I think that maze pattern is FABULOUS !!! .


----------



## Ted Sachs (Nov 4, 2015)

magpens said:


> I think that maze pattern is FABULOUS !!! .


That sucker is a hard wrap. It's so easy to lose your place in the order and a lot of it has to be wound on in a backwards motion. It only took about three or four hours to wrap it so it isn't that bad. I just need to make sure and put a check mark by each step as I do it.  I got interrupted a couple of times and when I went back I wasn't sure which step I left at.  I ended up missing a step and had to go back and undo about three steps to get the one I missed. With that pattern everything has to be done in exactly the right order or it won't come out right. Go ahead, ask me how I know. :befuddled::curse::at-wits-end:


----------



## Jack Parker (Nov 5, 2015)

Ted, your ability to imagine and construct these is truly amazing. Good luck with finding the answer to the casting issues that have plagued you up to this point. I'm sure you'll hit on the right combination in short order. Wish I could offer some advise, but I've got nothing


----------



## wob50 (Nov 5, 2015)

Great job Mr Ted still blowed away at your talent....and all-around great guy...
Doesn't hurt being a Saint's fan.....


----------



## jttheclockman (Nov 5, 2015)

Ted this one stands out very well. The colors are what set it off. These are not easy to do but you are making it look simple and that comes from years of experience. I would like to see something on a pen. I know you are making blanks to sell but hope you are also making a few pens for us to enjoy too. Keep up the great work and always look forward to seeing what you do next. 

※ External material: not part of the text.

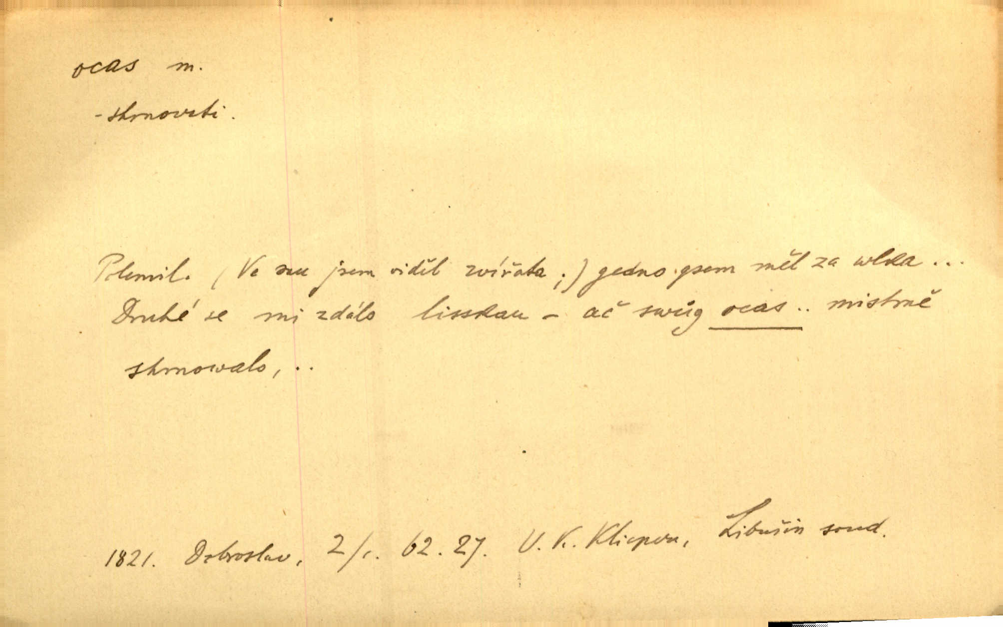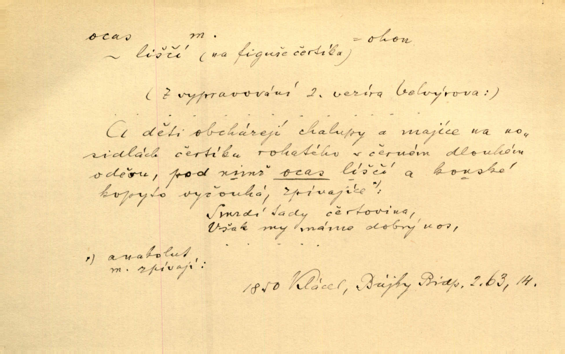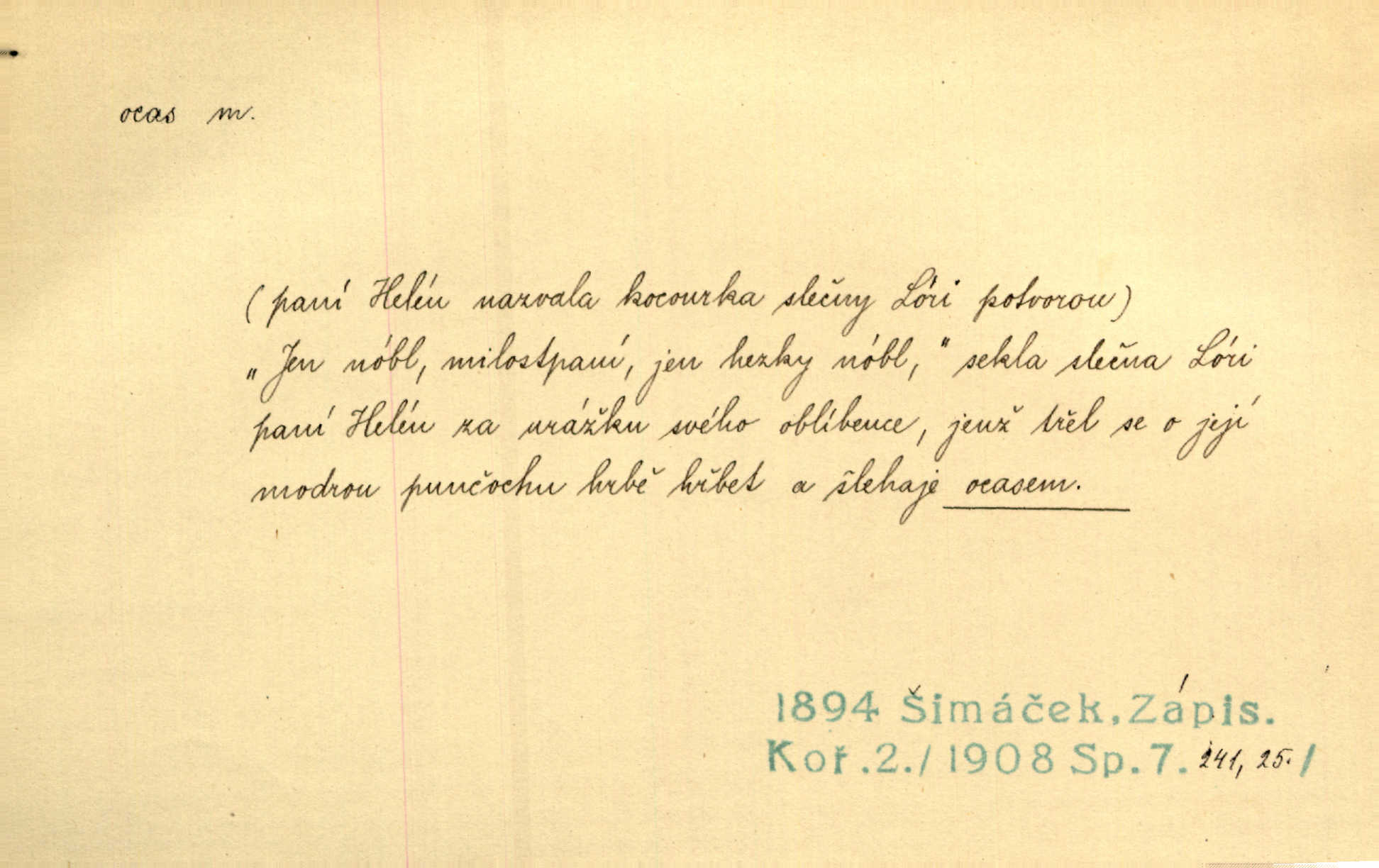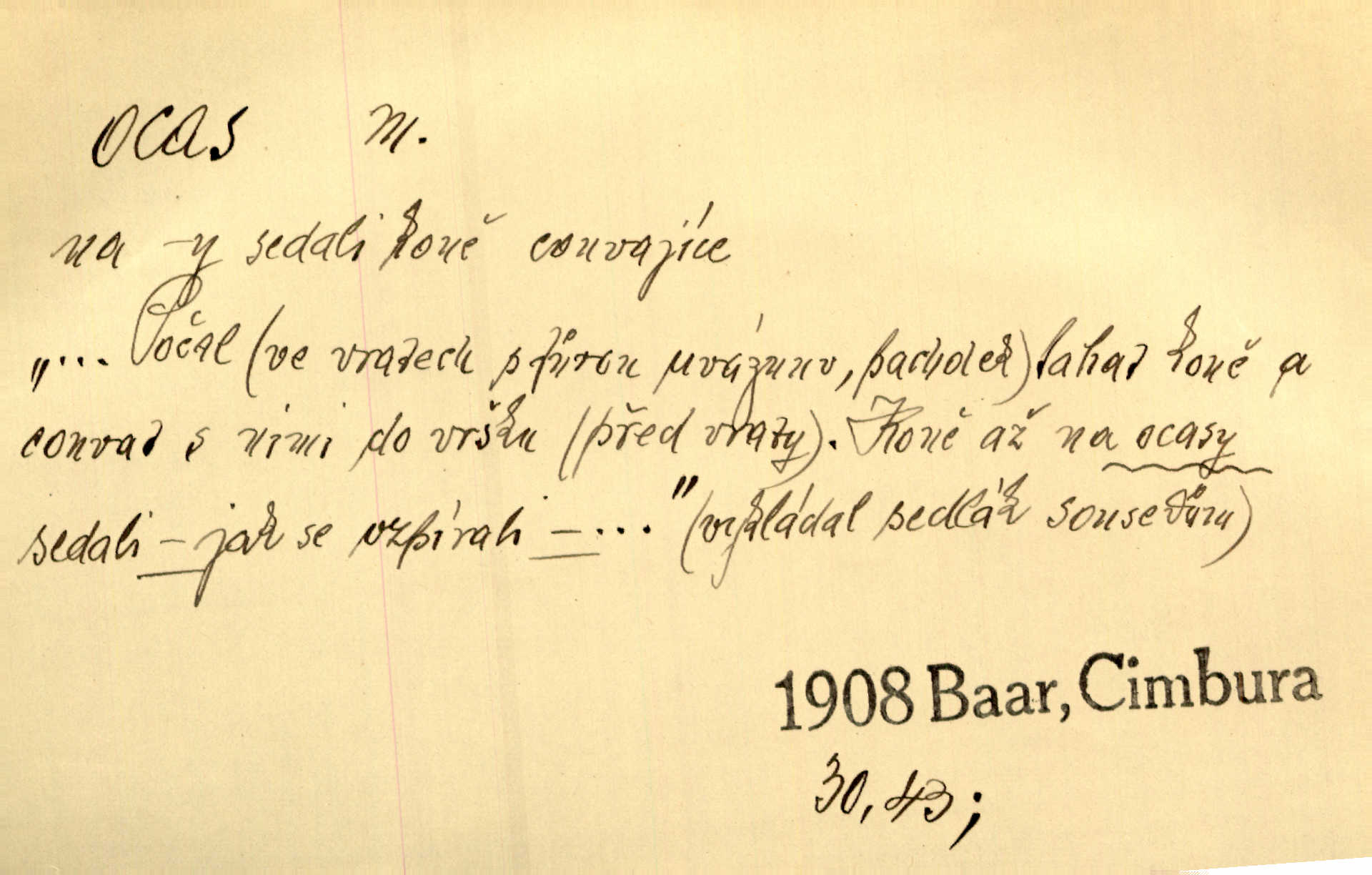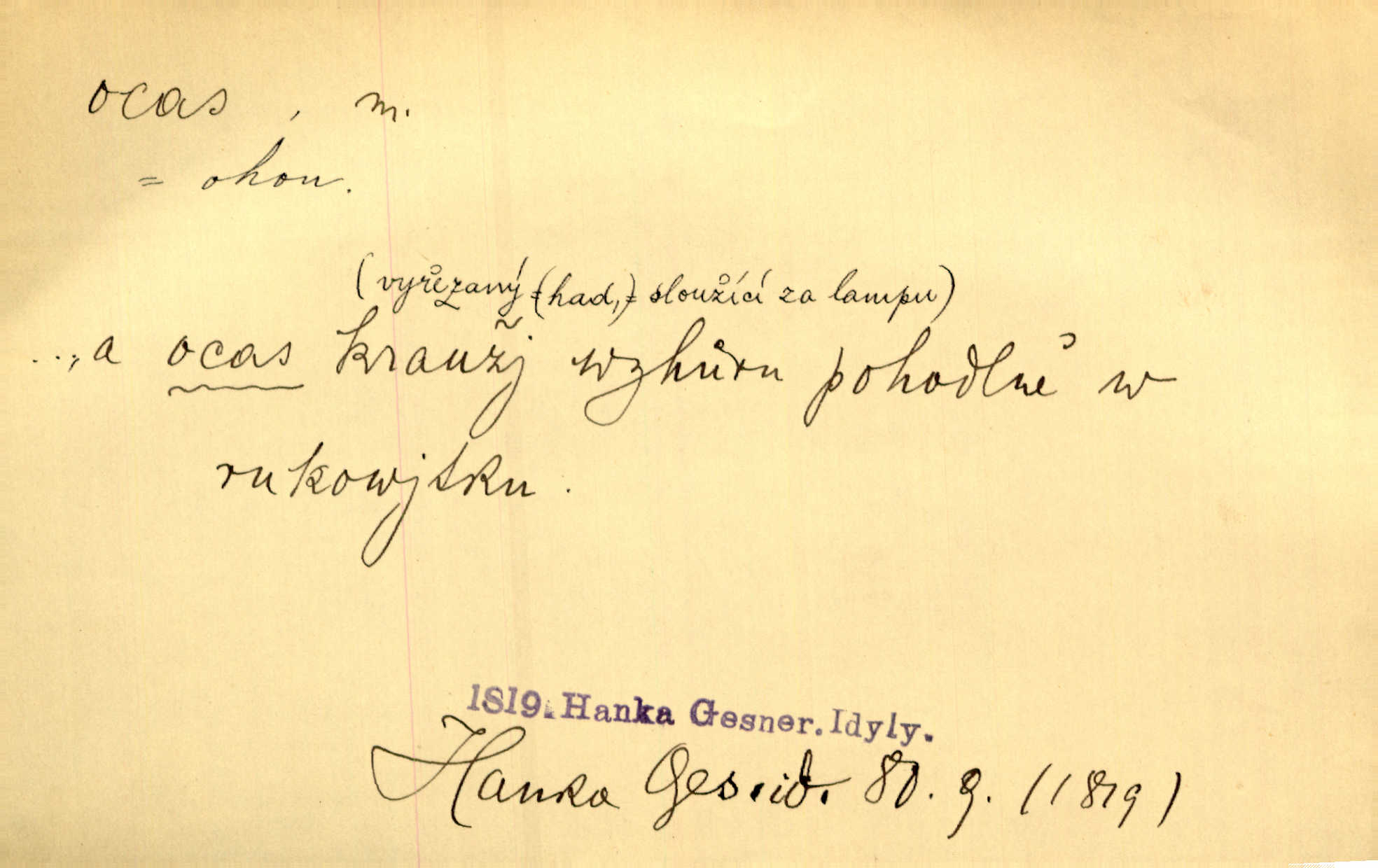 - ocas, -u m. nejzazší část těla obratlovců, tvořená obyčejně ocasními obratli; ohon, chvost. Unavenému koni i ocas těžek. Přísl. Bez zbraně jsi jak kobyla bez ocasu. Maj. [Kráva] zdvihla ocas a dala se do střečkování. Jir. Tak veliký ocas on [páv] nemá. V. Mrš. Ocasy jejich [některých ryb] připomínají barvou i tvarem květy tulipánů. Mach. Přivleče se had, na jehož ocase krásná víla sedí. Něm. Po polévce řízek hověziny, křehoučký „květový ocas“ s polévkovým křenem. Herrm. Ustál. sp. Co jste k nám do Klenčí přinesli [přistěhovalci] krom řemesla? Snadno by to straka na ocase unesla skoro nic. Baar. Říkáme, že panská láska není vyšší prahu a delší zaječího ocasu je krátká. Hol. Drahokoupil jen proto u staré paní Záhořanské omítá liščím ocasem, že peníze u ní čije úlisně se točí kolem ní. Šmil. Vrcholem taktického umění se jim [politickým kruhům] zdá uřezávati psovi ocas po kouskách dělati něco nepříjemného po částech. Přít. D zakončení komety, chvost. Táhnul se [pruh světelný] jako dlouhý plamenný ocas od komety. Mácha. D Arch. vlečka. Potom viděli jsme jakýsi palác plný princův a princezek majících dlouhé ocasy — na svých šatech rozumí se. Ritt. Po ženských ocasích se budou ďáblové vozit. Jir. D Expr. družina, průvod. Paní de Stainville také mívá celý ocas kavalírů za sebou. Ritt. D Expr. vůbec zakončení něčeho. Stálo [členstvo „Spolku přátel pokroku“] sešikováno v dlouhém hadu čtyřstupů, jehož ocas utvořili učedníci a jiní zvědaví lidé. Vrba. D Let. koncová část trupu letadla s ocasními plochami.

Are you into doing exotic things like flags within a pattern or characters, or animals???


----------



## Ted Sachs (Nov 5, 2015)

jttheclockman said:


> Ted this one stands out very well. The colors are what set it off. These are not easy to do but you are making it look simple and that comes from years of experience. I would like to see something on a pen. I know you are making blanks to sell but hope you are also making a few pens for us to enjoy too. Keep up the great work and always look forward to seeing what you do next.
> 
> Are you into doing exotic things like flags within a pattern or characters, or animals???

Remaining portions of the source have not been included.